By Kevin Meyer
Here I naively thought perhaps we had moved on. Over the past several months we've had story after story of companies realizing the folly of following the the lemmings to supposedly cheaper overseas locales and coming home. And over the past several years we've told you story after story of companies in all kinds of industries being globally competitive and successful manufacturing from North America.
Furniture, apparel, even toys – companies are succeeding from U.S. plants by focusing on improvement and creating customer value.
But leave it to Industry Week to jolt me back to reality, to how far we still have to go. Another article on all the horrible hurdles and barriers American manufacturers face. The usual stuff.
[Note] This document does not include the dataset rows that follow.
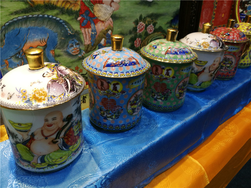 付國華在介紹時說,“高溫粉彩”必須以線條繪畫,將陶瓷唐卡染上顏料燒制,燒制完后再上色再燒制,然后再上色再燒制,在高溫1200度反復(fù)燒制五六次,才能達到一幅比較完整的唐卡。下步公司將黑陶作為新的挖掘目標,相信在馮建華老師的指導(dǎo)下,我州黑陶高溫粉彩陶瓷藝術(shù)將呈現(xiàn)出新亮點,“高溫粉彩”陶瓷藝術(shù)將在廣闊的市場中,為喜愛這一藝術(shù)品的消費者提供需求。
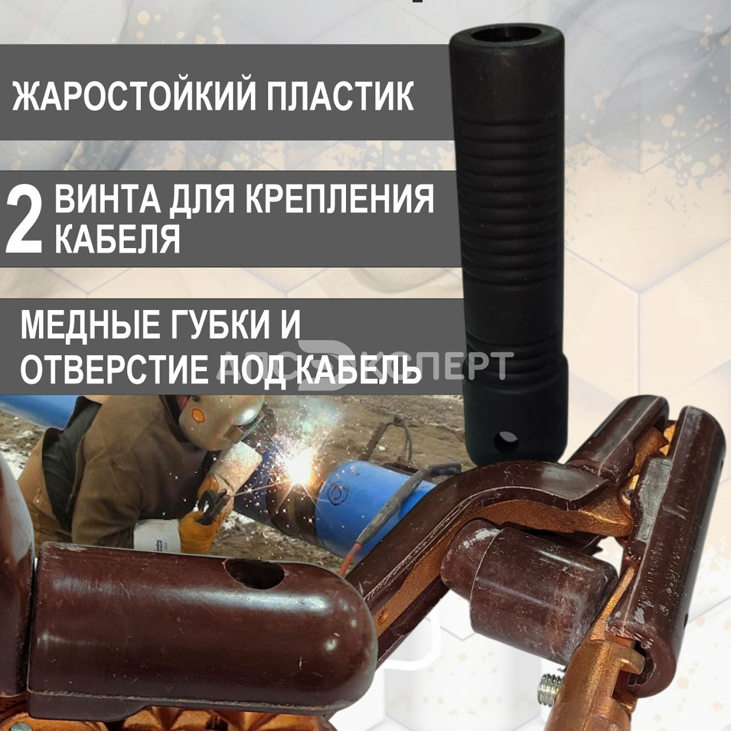 Конструкция отличается усиленной пружиной и изолированной эргономичной рукояткой, которая предотвращает перегрев и обеспечивает безопасность оператора. Винтовой зажим кабеля гарантирует надежный электрический контакт без потерь мощности.
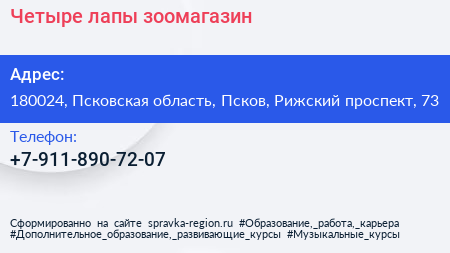 Четыре лапы, зоомагазин по адресу 180024, Псковская область, Псков, Рижский проспект, 73 в дальнейшем Организация, размещена в следующих категориях:
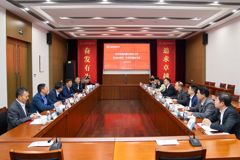 Du Jinzhu, President of Inner Mongolia University of Finance and Economics, led a delegation to visit SUIBE for research and exchanges on October 20. SUIBE President Wang Rongming met with him and presided over a symposium. Leaders of relevant departments of the two universities joined discussion and exchange activities.
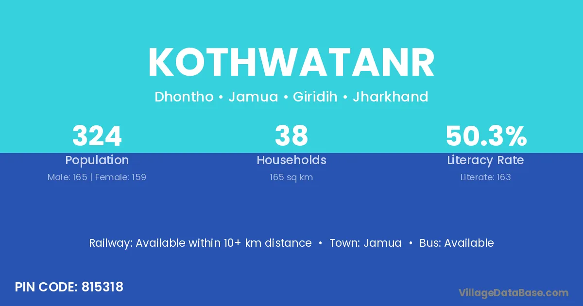 Jamua is the nearest town to Kothwatanr village for major economic activities
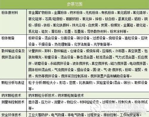 參展范圍:(如下表)

The single most significant drag on manufacturing competitiveness is the United States' high corporate tax rate — an average federal-state statutory rate of 40% that has not changed in decades. On a trade-weighted basis, the U.S. rate is 8.6 percentage points higher than its nine largest trading partners. This represents the single most important piece of the total structural cost burden on U.S. manufacturers.
And as usual it doesn't take into account how the U.S. tax system, more than that of any other industrialized nation, has loopholes and offsets galore. Right GE? However I do agree that the U.S. system is also far more confiscatory of overseas profits that the others, and that does need to change. And simplification would remove incredible cost.
The article goes on in similar fashion with regards to regulatory, legal, health care, employee benefits, and other costs. Same old thing. Bottom line?
While manufacturers face a host of challenges, the data demonstrate that domestically imposed costs – by commission or omission of government — further undermine our ability to compete by adding at least 20% to the cost of making stuff in this country.
Yes 20% is a big number and I'm not denying it needs to be improved. If it's all valid in the first place, as I noted above. Four years ago I suggested that companies should stop whining and start competing. A bunch apparently took me up on the challenge as they are succeeding. Some more have just recently come to the realization that cheap overseas facilities aren't as cheap – or risk free – as they thought and are coming back home. Some have realized that if they focus on internal inefficiencies as well as the potential for value creation from the customer's perspective, even a 20% differential isn't that high of a hurdle.
And some are destined to just whine and complain some more. We'll check back in another four years and see how they're doing. Any wagers?